Concentration of dry matter was estimated after drying (105°C) 10 ml whey to constant weight. Ash content was determined as the weight of solids after incubation of 2 ml whey at 800°C for 2 h. The phosphorus content was measured by the molybdenum blue colorimetric method (A _{610 nm}) using whey ash. The concentration of soluble protein was performed using the biuret method with bovine serum albumin as a standard. Whey sugar content was estimated by HPLC (pump LCP 4020, thermostat LCO 101, degasser DG-1210, refractometric detector RIDK 102; Ecom, Czech Republic) with a ZOBRAX NH₂ column (150 cm × 4,6 mm, 5 μm; Chromservis, Czech Republic), chromatographic conditions were: 25°C; acetonitrile: water 75:25; mobile phase flow 1.0 ml/min.

Media optimization using Placket-Burman experimental design

The dilution of whey (carbon source), and concentrations of nitrogen source [(NH₄)₂SO₄], mineral salts and yeast extract were tested using a Placket-Burman experimental design. Each parameter was tested at two levels, high (+1) and low (−1) (Table 1). A design of 12 experiments was formulated for five factors using Minitab software. The experiments were performed in 250-ml Erlenmeyer flasks containing 100 ml whey medium at 150 rpm, 30°C for 50 h in duplicate. Response was measured in terms of (1) biomass production, (2) PHB accumulation in cells (% w/w), and (3) PHB yields.

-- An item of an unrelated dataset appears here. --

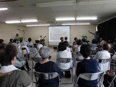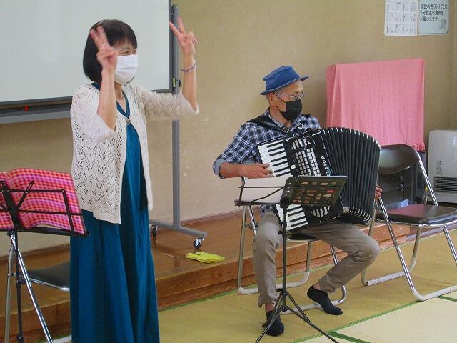 春日部アコーディオンサークルもといグランパーズのおふたり、武里図書館のみなさん
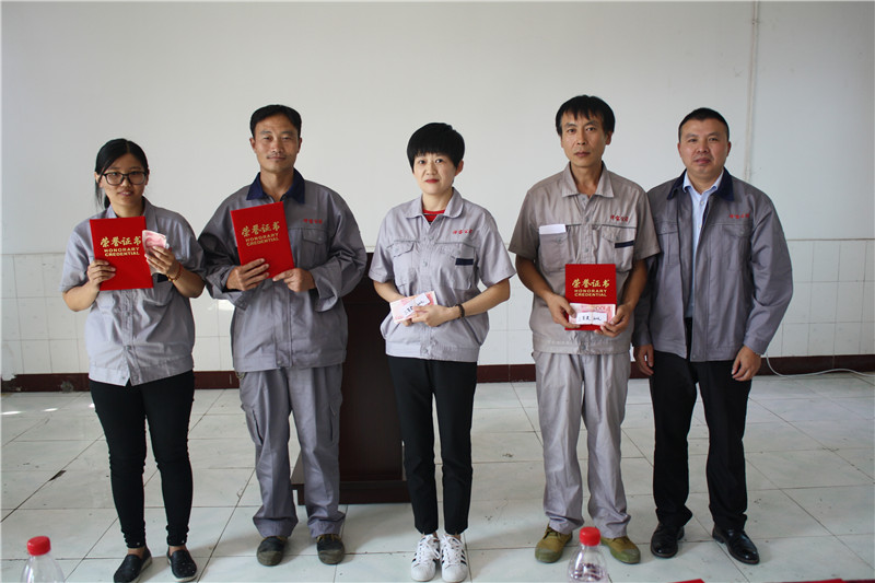 指導(dǎo)老師和董事長為獲獎(jiǎng)員工頒獎(jiǎng)并合影留念

Analysis of whey composition

Used cheese whey contains about 6.8% of dry matter, composed mainly of sugars and salts. Moreover, some soluble proteins are still present in whey even after the treatment. In spite of the high concentration of salts (expressed as ash), which could result in high osmotic pressure influencing bacterial growth negatively, the tested waste cheese whey seems to be a promising complex substrate for PHB production. Whey sugars (lactose and glucose; galactose was not detected) could be utilized by the bacterial culture as carbon sources, soluble proteins could serve as a complex carbon and nitrogen sources, and a low concentration of potential phosphorus sources was also observed (Table 2). In addition, the whey could be expected to contain some minor components such as free amino acids and vitamins (not analyzed), which are likely to support bacterial growth.

Supplementation of whey by salts

In order to test whether whey itself contains all necessary elements for bacterial growth, a culture of Bacillus megaterium was inoculated into whey with and without added salts according to MM (Fig. 1). Biomass and PHB yields were analyzed after 48 h.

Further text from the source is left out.